What you are asked to do:
Exactly reproduce the lines of the listing below from the one containing "しかし、ハンジさんの懸命な処" through the one containing "This small cemetery". Skip the images.

Available records:
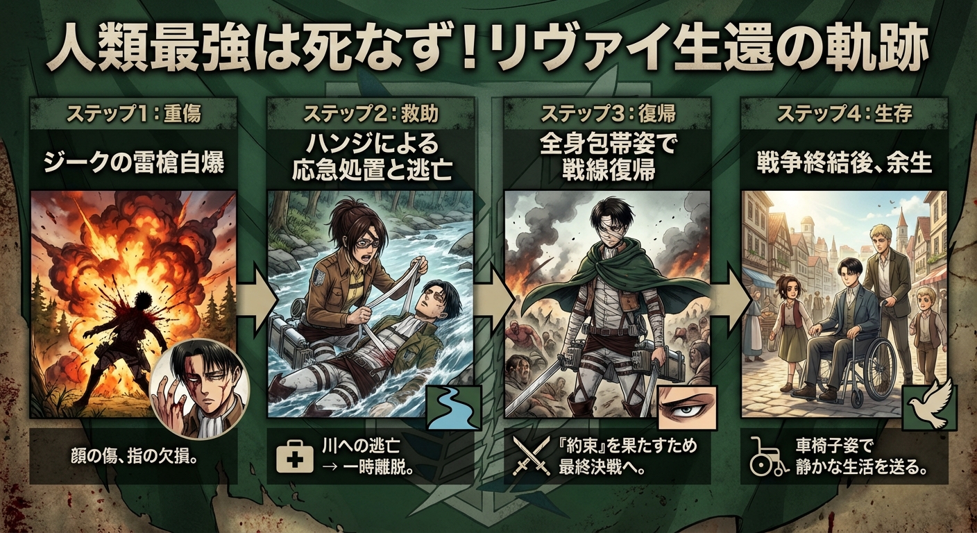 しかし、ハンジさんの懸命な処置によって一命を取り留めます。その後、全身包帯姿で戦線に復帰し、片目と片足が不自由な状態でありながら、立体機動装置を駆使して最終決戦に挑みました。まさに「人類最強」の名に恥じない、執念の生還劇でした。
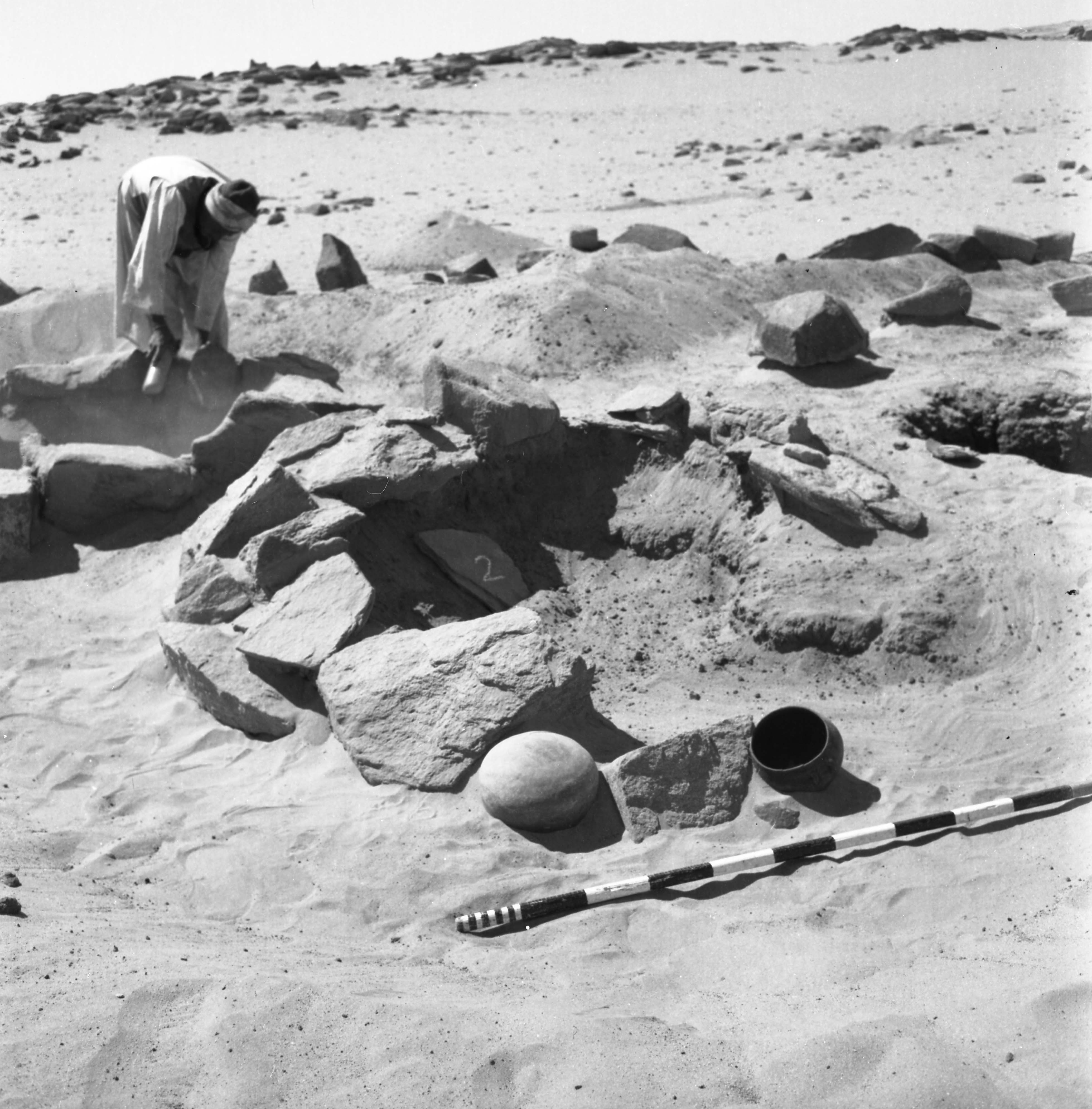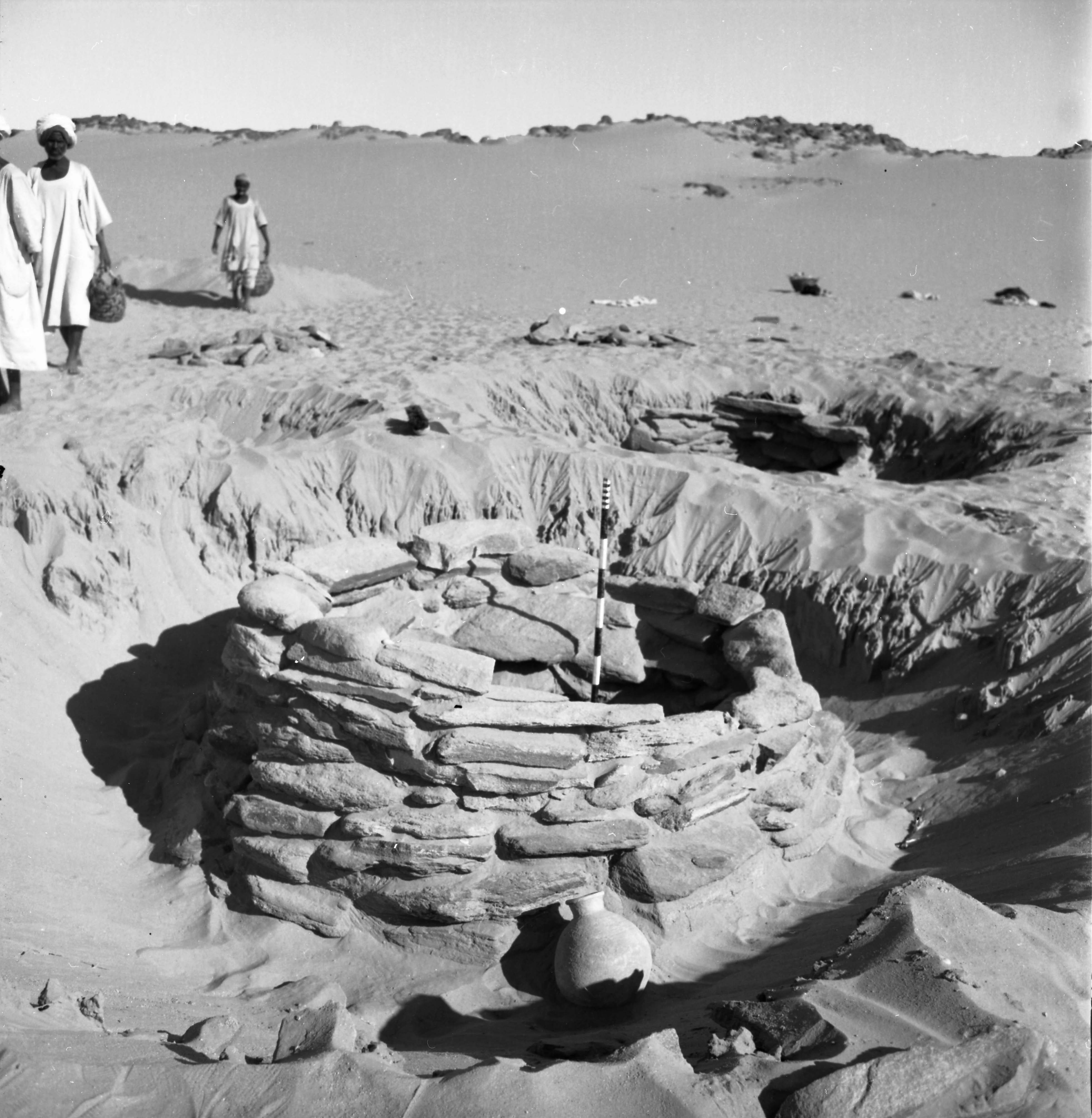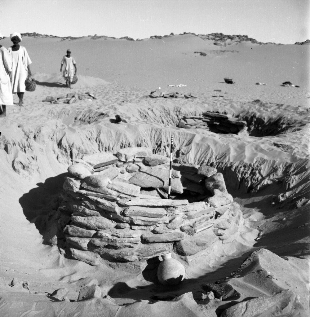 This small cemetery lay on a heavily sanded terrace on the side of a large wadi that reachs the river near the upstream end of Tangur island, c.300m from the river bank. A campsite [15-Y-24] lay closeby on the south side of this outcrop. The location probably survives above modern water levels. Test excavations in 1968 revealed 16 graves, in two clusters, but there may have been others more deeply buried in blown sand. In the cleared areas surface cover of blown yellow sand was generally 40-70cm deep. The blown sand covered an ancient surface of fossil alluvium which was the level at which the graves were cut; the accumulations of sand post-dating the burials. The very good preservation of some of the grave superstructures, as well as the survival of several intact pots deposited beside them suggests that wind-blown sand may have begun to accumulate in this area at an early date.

---

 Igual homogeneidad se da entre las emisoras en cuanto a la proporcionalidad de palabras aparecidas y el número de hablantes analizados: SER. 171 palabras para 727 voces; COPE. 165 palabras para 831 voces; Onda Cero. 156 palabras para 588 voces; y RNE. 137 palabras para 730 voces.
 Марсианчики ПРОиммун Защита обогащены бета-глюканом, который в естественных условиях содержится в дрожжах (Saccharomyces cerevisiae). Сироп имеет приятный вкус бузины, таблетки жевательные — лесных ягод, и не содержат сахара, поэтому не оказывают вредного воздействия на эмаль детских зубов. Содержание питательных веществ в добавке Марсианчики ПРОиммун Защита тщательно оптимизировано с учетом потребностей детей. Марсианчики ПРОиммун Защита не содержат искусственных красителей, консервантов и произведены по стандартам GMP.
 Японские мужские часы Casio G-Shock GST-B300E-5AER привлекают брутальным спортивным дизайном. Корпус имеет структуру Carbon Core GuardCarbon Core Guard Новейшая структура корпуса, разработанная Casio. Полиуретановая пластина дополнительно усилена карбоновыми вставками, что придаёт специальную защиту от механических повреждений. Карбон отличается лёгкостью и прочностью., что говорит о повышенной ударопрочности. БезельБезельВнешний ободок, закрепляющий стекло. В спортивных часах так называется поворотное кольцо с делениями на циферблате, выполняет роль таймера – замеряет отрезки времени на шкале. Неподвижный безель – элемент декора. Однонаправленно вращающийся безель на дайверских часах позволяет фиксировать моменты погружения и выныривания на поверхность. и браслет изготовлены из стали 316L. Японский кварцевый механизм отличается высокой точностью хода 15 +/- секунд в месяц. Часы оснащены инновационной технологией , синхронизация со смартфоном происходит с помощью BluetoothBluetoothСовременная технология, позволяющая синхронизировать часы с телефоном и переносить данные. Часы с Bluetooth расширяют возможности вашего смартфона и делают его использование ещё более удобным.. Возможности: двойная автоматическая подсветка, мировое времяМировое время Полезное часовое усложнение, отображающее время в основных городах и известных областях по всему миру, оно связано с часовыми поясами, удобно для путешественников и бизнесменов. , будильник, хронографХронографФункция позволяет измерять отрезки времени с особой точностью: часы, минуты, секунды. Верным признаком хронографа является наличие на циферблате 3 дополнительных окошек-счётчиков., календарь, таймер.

Output for this task:
 しかし、ハンジさんの懸命な処置によって一命を取り留めます。その後、全身包帯姿で戦線に復帰し、片目と片足が不自由な状態でありながら、立体機動装置を駆使して最終決戦に挑みました。まさに「人類最強」の名に恥じない、執念の生還劇でした。
 This small cemetery lay on a heavily sanded terrace on the side of a large wadi that reachs the river near the upstream end of Tangur island, c.300m from the river bank. A campsite [15-Y-24] lay closeby on the south side of this outcrop. The location probably survives above modern water levels. Test excavations in 1968 revealed 16 graves, in two clusters, but there may have been others more deeply buried in blown sand. In the cleared areas surface cover of blown yellow sand was generally 40-70cm deep. The blown sand covered an ancient surface of fossil alluvium which was the level at which the graves were cut; the accumulations of sand post-dating the burials. The very good preservation of some of the grave superstructures, as well as the survival of several intact pots deposited beside them suggests that wind-blown sand may have begun to accumulate in this area at an early date.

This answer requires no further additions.